The scale of the problem is staggering. According to the Nigeria Inter-Bank Settlement System, reported electronic fraud losses have climbed year over year, with criminals becoming increasingly sophisticated in their methods. Beyond individual losses, the broader economic cost includes reduced consumer confidence, lower transaction volumes, and reputational damage to Nigeria’s fintech sector, which has attracted billions in international investment.
The joint committees will meet quarterly and have the authority to recommend policy changes, mandate new technical standards, and coordinate enforcement actions against bad actors in both the telecom and financial sectors. The TIRMS Portal, in particular, is expected to become a critical piece of national digital infrastructure, creating a shared database that links phone number activity to financial transaction risk signals.
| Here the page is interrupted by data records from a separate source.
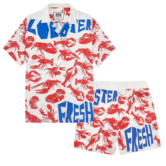 Aloha Style Lobster Pattern Short Sleeve Camp Collar Shirt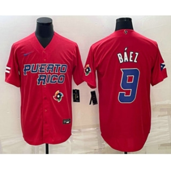 Men's Puerto Rico Baseball #9 Javier Baez 2023 Red World Baseball Classic Stitched Jerseys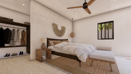 • Recámara principal con vestidor y baño completo privado, adaptado con accesos amplios para personas con movilidad reducida, y salida directa hacia la alberca.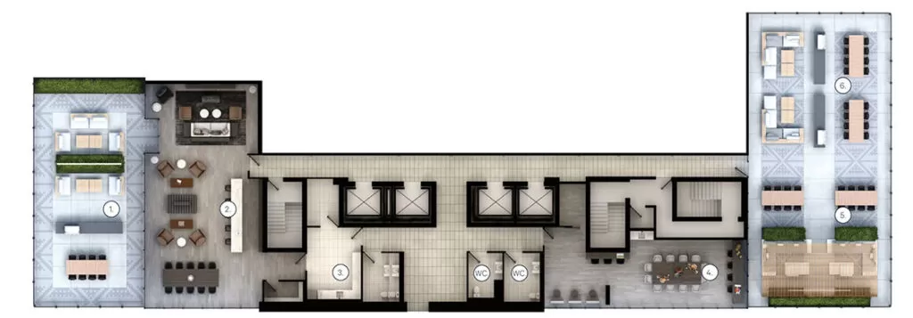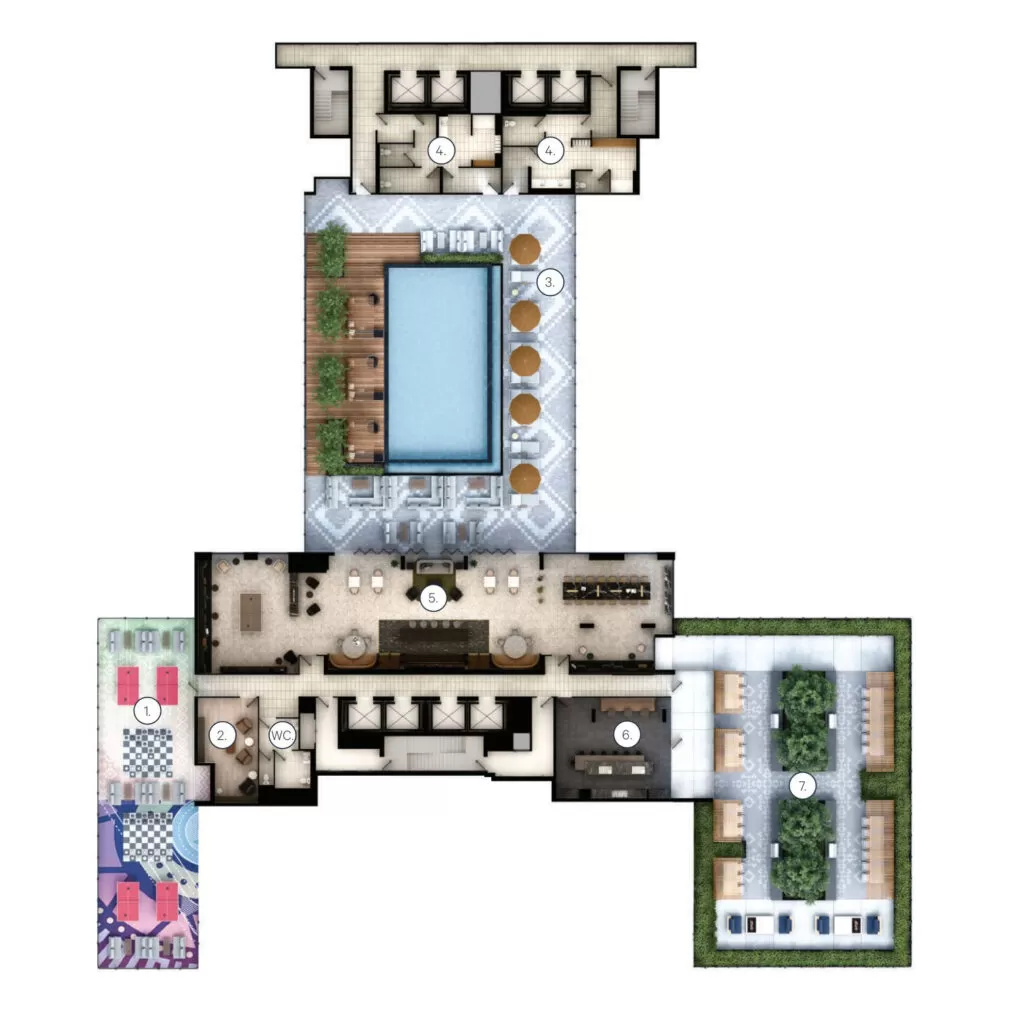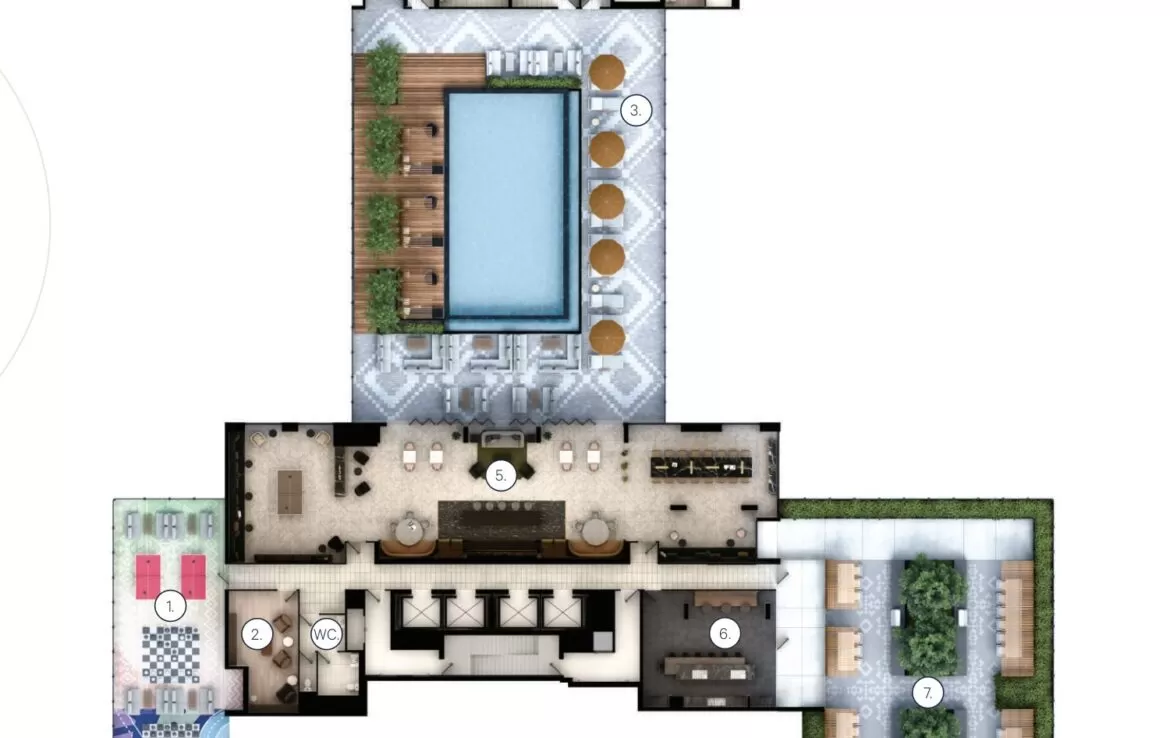1. Outdoor Games Lounge 2. Library Lounge 3. Outdoor Pool & Lounge 4. WC & Change Room 5. Social Club & Shared Work Space 6. Demo Kitchen 7. Outdoor BBQ & Dining Lounge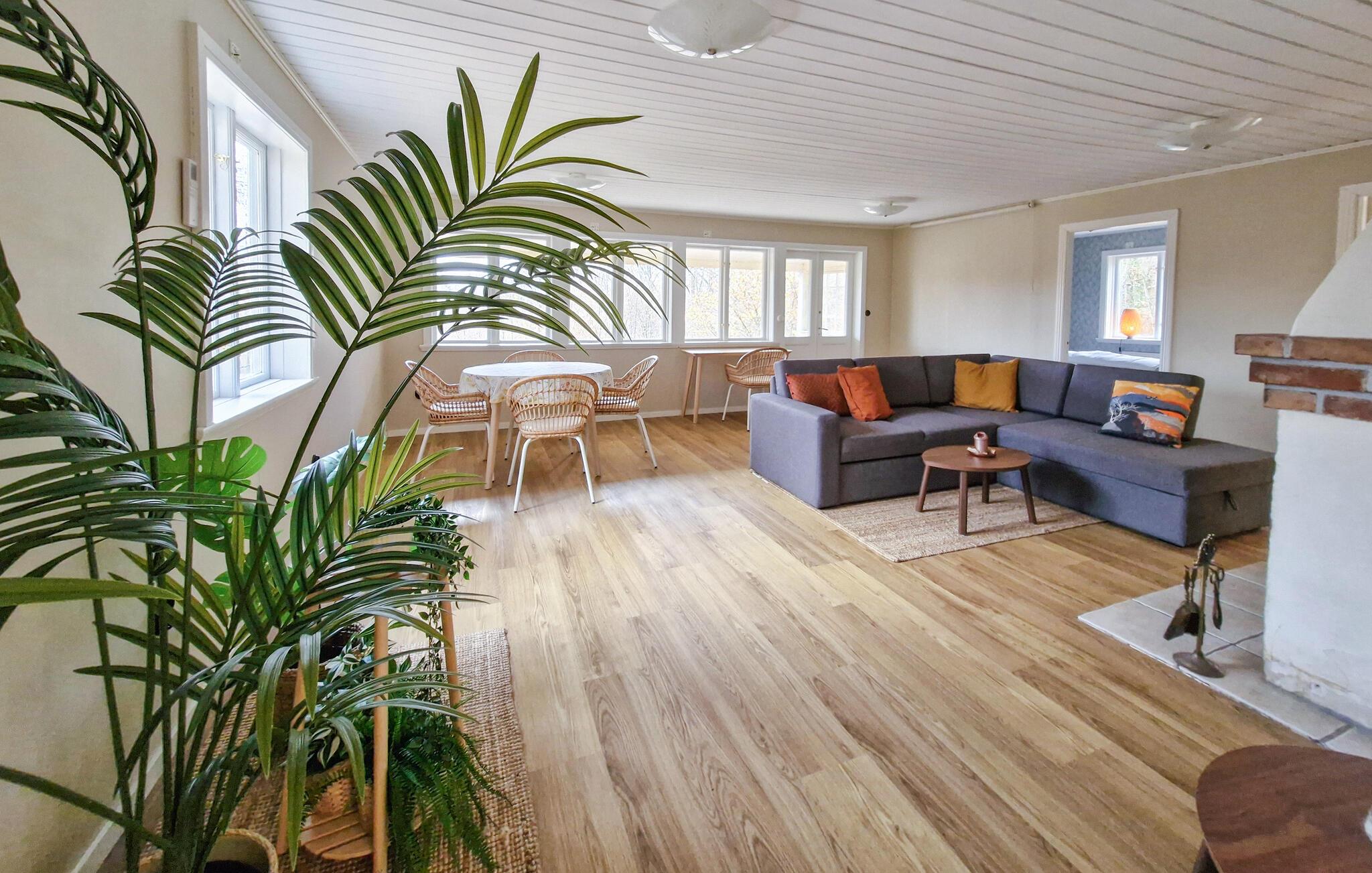 Tilbring en afslappende ferie i dette hyggelige feriehus omgivet af natur. Dette hus er det ideelle tilflugtssted for en afslappende pause fra hverdagen. Varme trædetaljer, en behagelig sofa og en brændeovn skaber en atmosfære, hvor I hurtigt kan slappe af. Tilbered lækre måltider sammen og nyd dem med et glas vin, mens ilden knitrer sagte i pejsen. Start dagen i den store, grønne have og lyt til naturens lyde. Nyd en afslappet morgenmad, mens I kigger ud over det maleriske landskab. Find et solrigt sted at læse, inden I tænder grillen om aftenen og afslutter dagen med en hyggelig grillfest. Oplev roen i Ullstorp, hvor jeres feriehus ligger i hjertet af et naturreservat. Oplev regionens forskellige vandrestier, herunder den berømte Skåneleden, eller besøg Fulltofta Strövområde, et sandt paradis for naturelskere og cyklister. Tag en tur til den nærliggende Skånes Djurpark eller nyd den charmerende lille by Höör med dens butikker og hyggelige restauranter.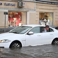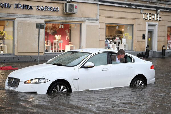 Некоторые дороги в столице превратились в реки. В ряде районов машины на стоянках наполовину подтоплены. Москвичи без транспортных средств передвигаются по колено в воде.
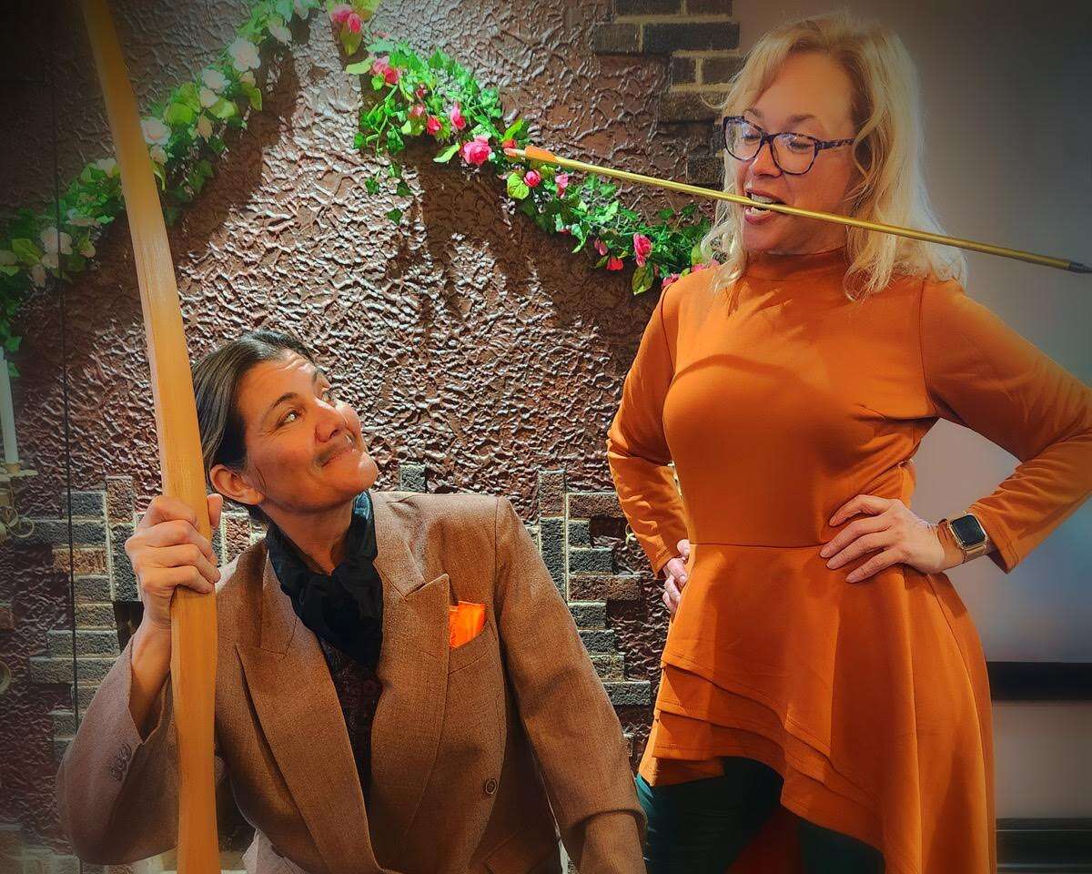 Laura Leonardo Ownby, left, and Tina Shelley co-star in Iambe Theatre Ensemble’s all-female production of William Shakespeare’s “Love’s Labour’s Lost.” Courtesy of Heidi Swarthout and Kate Grimaldi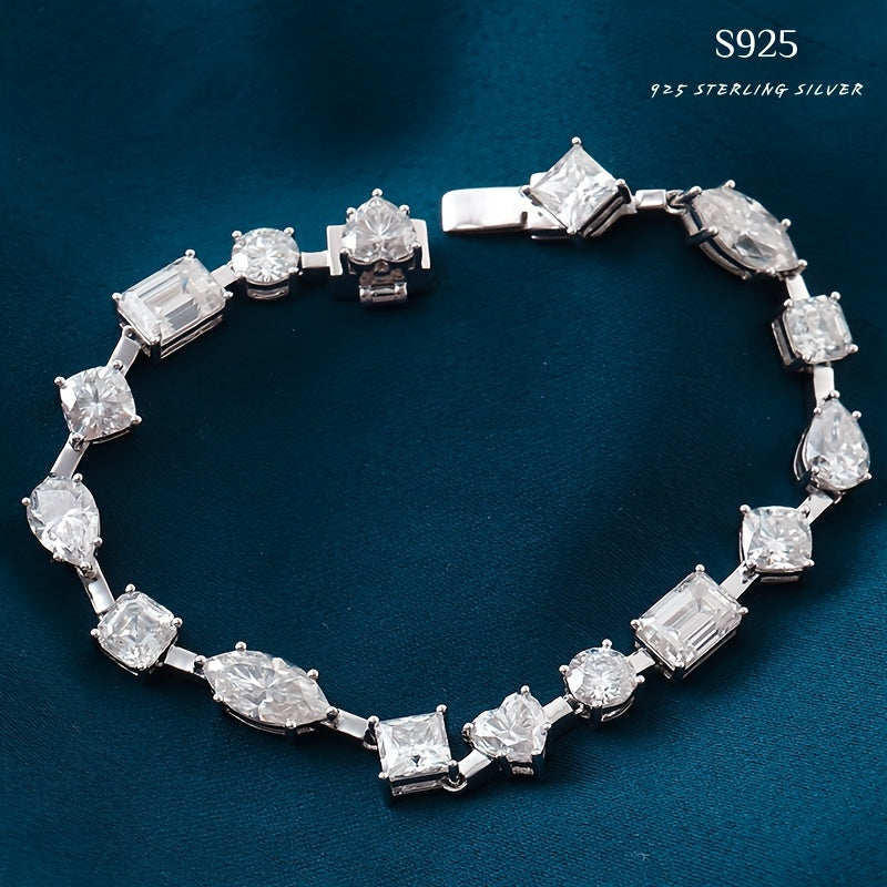 Sterling Silver Tennis Bracelet with Synthetic Zirconia for Special Events and Birthdays

Industry observers have welcomed the move but cautioned that implementation will be the real test. Previous efforts to coordinate between the telecoms and banking sectors have been hampered by bureaucratic silos, data-sharing concerns, and the sheer speed at which fraudsters adapt to new security measures.
For ordinary Nigerians who have watched helplessly as friends and family members lost savings to SIM-swap scams and phishing attacks, the MoU represents a promise. Whether that promise translates into real protection will depend on how quickly and effectively the two agencies can turn their agreement into operational reality.
The timing is significant. As Nigeria continues to position itself as Africa’s leading digital economy, the integrity of its electronic payment systems is not just a consumer protection issue but a matter of national economic strategy. If the CBN-NCC partnership delivers on its ambitions, it could become a model for how developing countries bridge the gap between digital innovation and digital security.